Nota: Volendo fare un clamoroso excursus mi piacerebbe collegare questo comportamento ai motivi per cui nella cultura di tutto il mondo si siano sviluppati trasversalmente riti post mortem (come ad esempio la cremazione, o l’imbalsamazione) che altro non sono che modi per far sfuggire il corpo dei cari defunti al destino inevitabile della decomposizione. Forse la paura atavica per la decomposizione spiegherebbe in parte quel tabù del cannibalismo che é già stato affrontato su LN, ma non vorrei risultare pesante o inconcludente.
I suddetti gas attirano insetti che a loro volta si getteranno sul cadavere del nostro polletto, come Homer si getterebbe su un buffet “tutto a volontà”.
I più comuni in ambito domestico sono le mosche. Le mosche sono particolarmente attirate dalla carne cruda, il tessuto organico animale è un luogo ideale per deporre le loro uova, ogni mosca ne depone in media fino a mille nell’arco della sua breve vita (che è di circa 8-10 giorni).

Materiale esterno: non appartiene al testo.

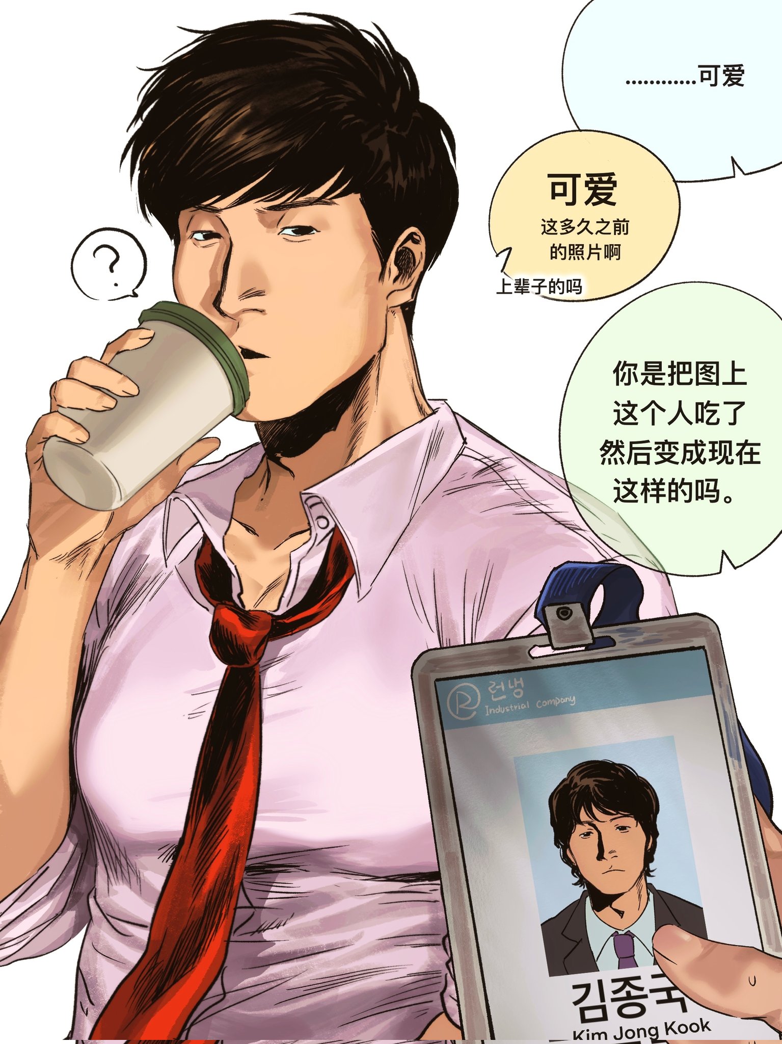 1boy 1other borderline7839 brown_hair chinese_commentary dress_shirt drinking kim_jong_kook necktie real_life running_man shirt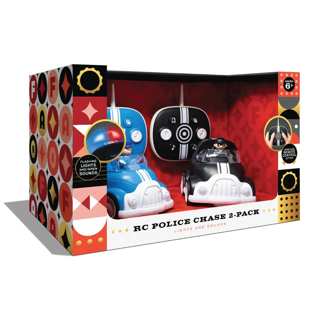 Questo Set Di Macchinine Telecomandate Con Luci E Suoni Fao Schwarz Ti Danno Il Massimo Del Divertimento. Colpisci L’Altra Macchinina, Gira A Sinistra, Fai Zig Zag A Destra O Girare A Destra In Retromarcia Per Superare Il Tuo Avversario Mentre Cerchi Di Recuperare O Scappare. Luci E Sirene Realistiche: Ogni Volta Che Acceleri Il Tuo Motore È Più Eccitante Quando Hai Luci Lampeggianti E Suoni Di Sirena. È Come Se Fossi In Un Vero Inseguimento Della Polizia. Grande Regalo Per I Bambini: Ogni Bambino Ama Il Classico Gioco Di Poliziotti E Ladri. Aggiungi I Radiocomandi, Luci E Sirene? Avranno Ore E Ore Di Divertimento. È Un Grande Regalo Per Ragazzi O Ragazze Per Compleanni, Natale E Altro Ancora.2,4 Ghz Controlli Wireless

Lasciamo per un attimo le mosche a deporre le uova per introdurre un altro fantastico protagonista della nostra storia: la muffa.
La muffa la conosciamo bene per quei bei cuscinetti verde/blu che si formano sullo yogurt (anche in frigo) oppure sulla frutta e il pane… eccola lì la muffa!
Instancabile, agguerrita, apparentemente immortale, la combattiamo in cucina, in bagno, sui muri, e perdiamo quasi sempre, perché ritorna.
La muffa è forse l’agente di decomposizione più aggressivo ed efficace.
Un fungo le quali spore aleggiano normalmente ovunque (fino a 500 specie diverse in un metro cubo d’aria) e niente altro fanno che appoggiarsi su tutte le superfici per attuare la proliferazione.
Una volta posatesi su una superficie adatta (cioè qualsiasi, basta sia organica, ma con predilezione per pane e frutta) potranno iniziare a colonizzare espandendosi a macchia d’olio cibandosi del materiale ospite e successivamente fruttando nuove spore pronte a prendere il volo.
Le muffe, come i batteri, se lasciate agire su una superficie sono in grado di espandere i loro filamenti all’interno e su tutta la superficie del corpo ospite trovandosi spesso a dover combattere contro altre specie di muffe per la supremazia.
I conglomerati spugnosi e scuri che si vedono sulla superficie del cibo ammuffito sono solo la punta dell’iceberg, le infiorescenze ricche di spore, al di sotto la muffa ha esteso i suoi invisibili filamenti ovunque. Affascinante.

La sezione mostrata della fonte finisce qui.